Below is a listing; repeat exactly the lines from the one containing "2. При создании" to the one containing "ขายที่ดินระยอง พลา บ้านฉาง", both included.

The input:
################

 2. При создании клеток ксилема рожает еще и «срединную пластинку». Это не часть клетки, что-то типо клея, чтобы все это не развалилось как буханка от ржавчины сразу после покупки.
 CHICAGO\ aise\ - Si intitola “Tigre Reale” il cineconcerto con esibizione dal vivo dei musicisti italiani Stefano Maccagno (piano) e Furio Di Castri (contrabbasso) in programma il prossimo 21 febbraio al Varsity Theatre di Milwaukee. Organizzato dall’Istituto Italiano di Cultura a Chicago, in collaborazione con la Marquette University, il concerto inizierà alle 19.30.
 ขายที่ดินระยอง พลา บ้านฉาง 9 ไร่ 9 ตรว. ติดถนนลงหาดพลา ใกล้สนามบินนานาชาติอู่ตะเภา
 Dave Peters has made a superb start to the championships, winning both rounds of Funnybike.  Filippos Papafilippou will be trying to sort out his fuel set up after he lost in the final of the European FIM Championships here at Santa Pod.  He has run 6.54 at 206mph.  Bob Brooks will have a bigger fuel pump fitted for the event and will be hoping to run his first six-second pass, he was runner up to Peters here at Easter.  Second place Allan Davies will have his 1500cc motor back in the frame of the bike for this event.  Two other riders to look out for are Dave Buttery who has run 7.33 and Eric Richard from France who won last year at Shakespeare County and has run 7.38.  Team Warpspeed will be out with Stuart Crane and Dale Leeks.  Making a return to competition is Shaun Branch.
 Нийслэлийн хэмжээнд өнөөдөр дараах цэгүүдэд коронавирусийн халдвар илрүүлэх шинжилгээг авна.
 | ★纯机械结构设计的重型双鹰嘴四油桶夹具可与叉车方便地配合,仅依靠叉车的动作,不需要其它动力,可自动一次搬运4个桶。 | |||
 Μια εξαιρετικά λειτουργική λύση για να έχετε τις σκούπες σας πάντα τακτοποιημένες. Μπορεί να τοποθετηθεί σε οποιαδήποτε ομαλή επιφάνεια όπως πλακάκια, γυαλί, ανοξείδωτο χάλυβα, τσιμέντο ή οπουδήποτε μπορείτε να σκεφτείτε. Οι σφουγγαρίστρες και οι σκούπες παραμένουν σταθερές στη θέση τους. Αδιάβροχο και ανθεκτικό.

################

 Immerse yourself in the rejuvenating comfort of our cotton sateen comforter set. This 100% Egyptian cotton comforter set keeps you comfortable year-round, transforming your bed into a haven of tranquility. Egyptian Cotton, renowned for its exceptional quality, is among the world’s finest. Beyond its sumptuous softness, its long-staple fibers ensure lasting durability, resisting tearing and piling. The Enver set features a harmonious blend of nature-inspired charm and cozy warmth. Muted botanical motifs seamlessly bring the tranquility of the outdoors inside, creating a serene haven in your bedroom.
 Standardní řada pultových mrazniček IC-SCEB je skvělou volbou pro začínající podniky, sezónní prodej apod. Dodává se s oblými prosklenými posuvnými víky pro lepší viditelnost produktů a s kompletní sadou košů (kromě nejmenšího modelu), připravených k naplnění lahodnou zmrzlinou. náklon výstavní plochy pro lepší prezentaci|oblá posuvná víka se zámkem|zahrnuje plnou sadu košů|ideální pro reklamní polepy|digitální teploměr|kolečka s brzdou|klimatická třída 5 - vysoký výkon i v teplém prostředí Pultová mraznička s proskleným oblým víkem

################

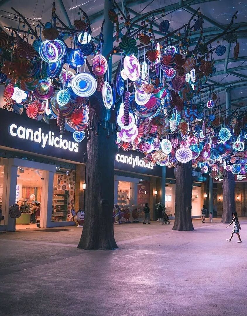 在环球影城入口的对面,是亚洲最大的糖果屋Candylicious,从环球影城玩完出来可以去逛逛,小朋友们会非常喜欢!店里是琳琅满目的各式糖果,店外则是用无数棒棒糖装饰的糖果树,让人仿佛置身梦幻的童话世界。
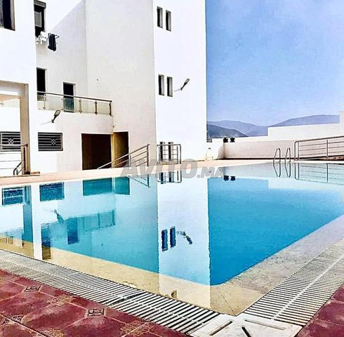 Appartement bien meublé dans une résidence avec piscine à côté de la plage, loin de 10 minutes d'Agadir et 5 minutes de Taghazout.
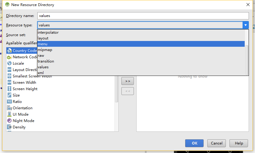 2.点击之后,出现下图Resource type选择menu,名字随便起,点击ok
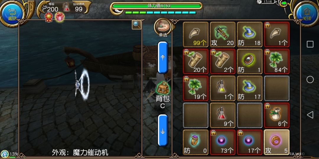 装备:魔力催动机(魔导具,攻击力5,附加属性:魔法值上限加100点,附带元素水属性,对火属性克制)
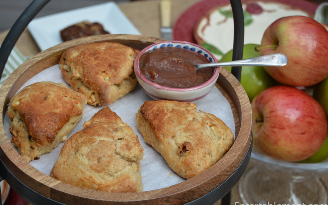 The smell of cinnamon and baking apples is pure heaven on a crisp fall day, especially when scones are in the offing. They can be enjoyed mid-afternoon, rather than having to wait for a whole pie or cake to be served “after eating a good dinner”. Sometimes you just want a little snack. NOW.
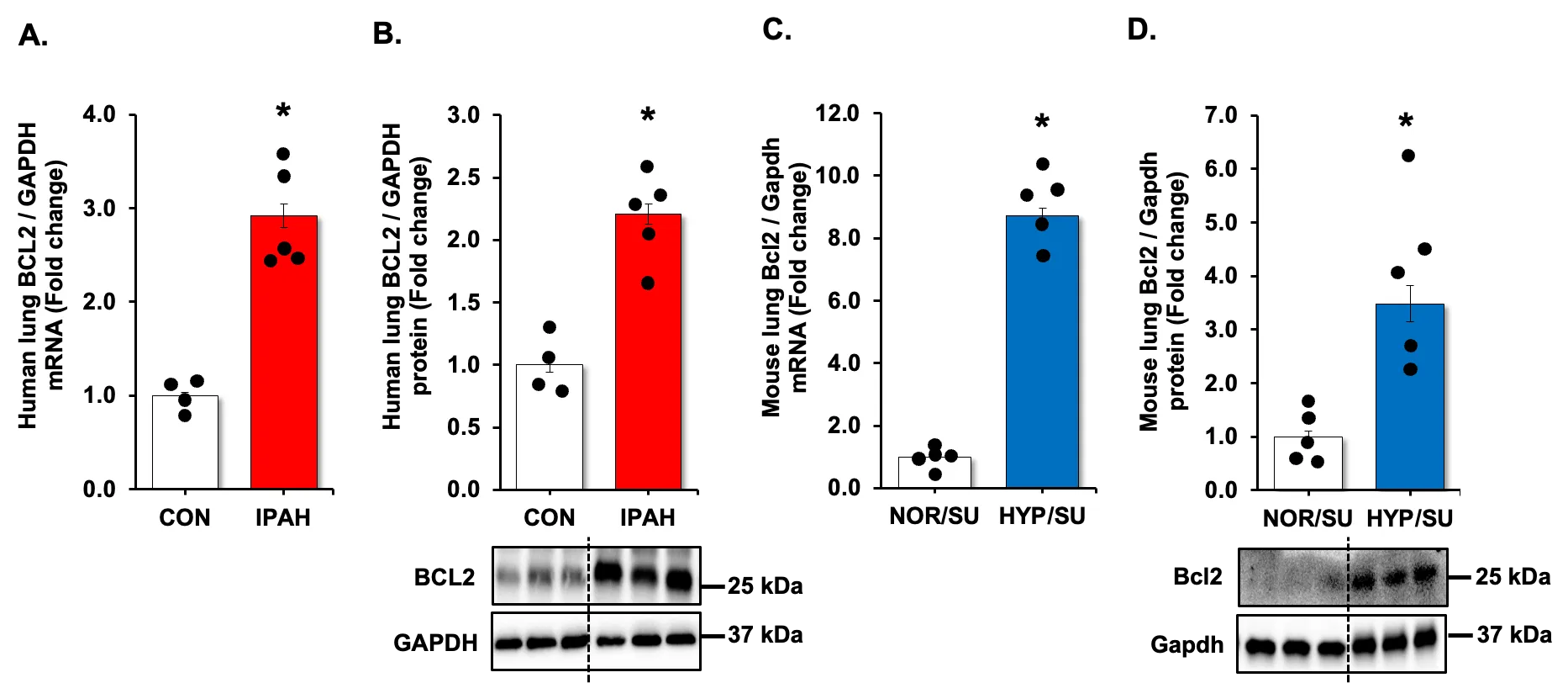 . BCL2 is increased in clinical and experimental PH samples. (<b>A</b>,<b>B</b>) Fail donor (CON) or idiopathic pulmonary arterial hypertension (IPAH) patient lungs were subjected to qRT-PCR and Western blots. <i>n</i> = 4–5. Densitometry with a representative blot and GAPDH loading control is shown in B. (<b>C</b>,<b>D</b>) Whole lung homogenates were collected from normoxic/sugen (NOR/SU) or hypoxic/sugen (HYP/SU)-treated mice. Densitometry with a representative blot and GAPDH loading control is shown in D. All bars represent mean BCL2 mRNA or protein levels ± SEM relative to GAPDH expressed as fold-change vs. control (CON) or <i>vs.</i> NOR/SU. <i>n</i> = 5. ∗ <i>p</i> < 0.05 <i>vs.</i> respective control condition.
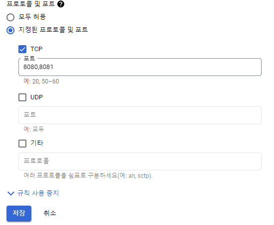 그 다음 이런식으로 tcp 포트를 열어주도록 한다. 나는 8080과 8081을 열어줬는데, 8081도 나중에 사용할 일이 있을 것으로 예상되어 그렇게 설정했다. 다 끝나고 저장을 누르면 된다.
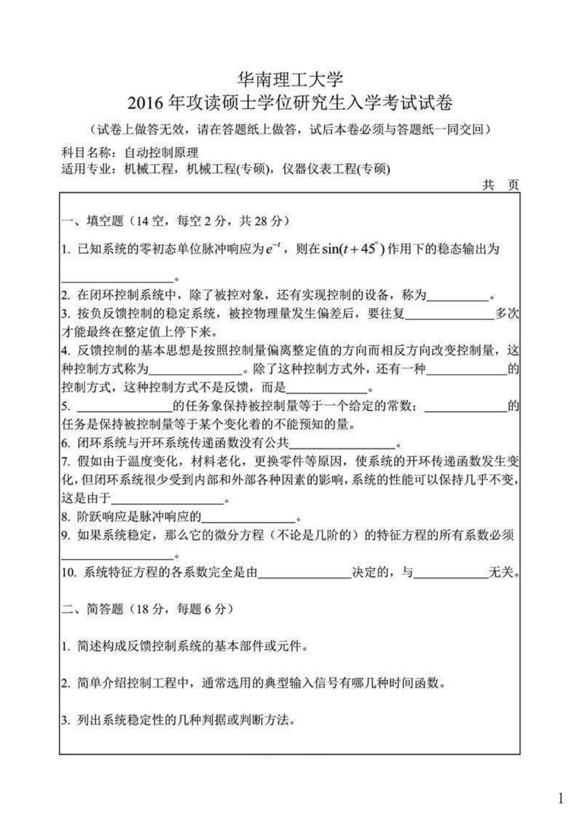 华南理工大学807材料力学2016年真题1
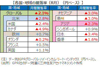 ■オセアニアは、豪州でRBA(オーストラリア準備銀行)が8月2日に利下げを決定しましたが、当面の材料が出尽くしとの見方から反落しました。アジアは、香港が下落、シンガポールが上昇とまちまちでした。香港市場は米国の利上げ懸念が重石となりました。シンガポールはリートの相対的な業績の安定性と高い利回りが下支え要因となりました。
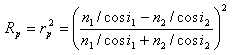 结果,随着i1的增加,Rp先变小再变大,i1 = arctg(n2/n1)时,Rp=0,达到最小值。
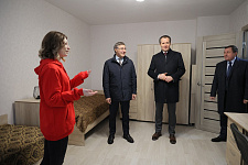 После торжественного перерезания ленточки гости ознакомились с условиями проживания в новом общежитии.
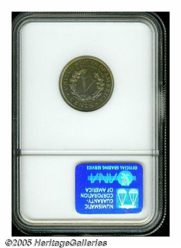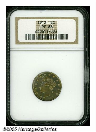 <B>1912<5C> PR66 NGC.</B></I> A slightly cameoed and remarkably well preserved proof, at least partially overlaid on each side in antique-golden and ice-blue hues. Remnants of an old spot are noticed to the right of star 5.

################

Task output:
 2. При создании клеток ксилема рожает еще и «срединную пластинку». Это не часть клетки, что-то типо клея, чтобы все это не развалилось как буханка от ржавчины сразу после покупки.
 CHICAGO\ aise\ - Si intitola “Tigre Reale” il cineconcerto con esibizione dal vivo dei musicisti italiani Stefano Maccagno (piano) e Furio Di Castri (contrabbasso) in programma il prossimo 21 febbraio al Varsity Theatre di Milwaukee. Organizzato dall’Istituto Italiano di Cultura a Chicago, in collaborazione con la Marquette University, il concerto inizierà alle 19.30.
 ขายที่ดินระยอง พลา บ้านฉาง 9 ไร่ 9 ตรว. ติดถนนลงหาดพลา ใกล้สนามบินนานาชาติอู่ตะเภา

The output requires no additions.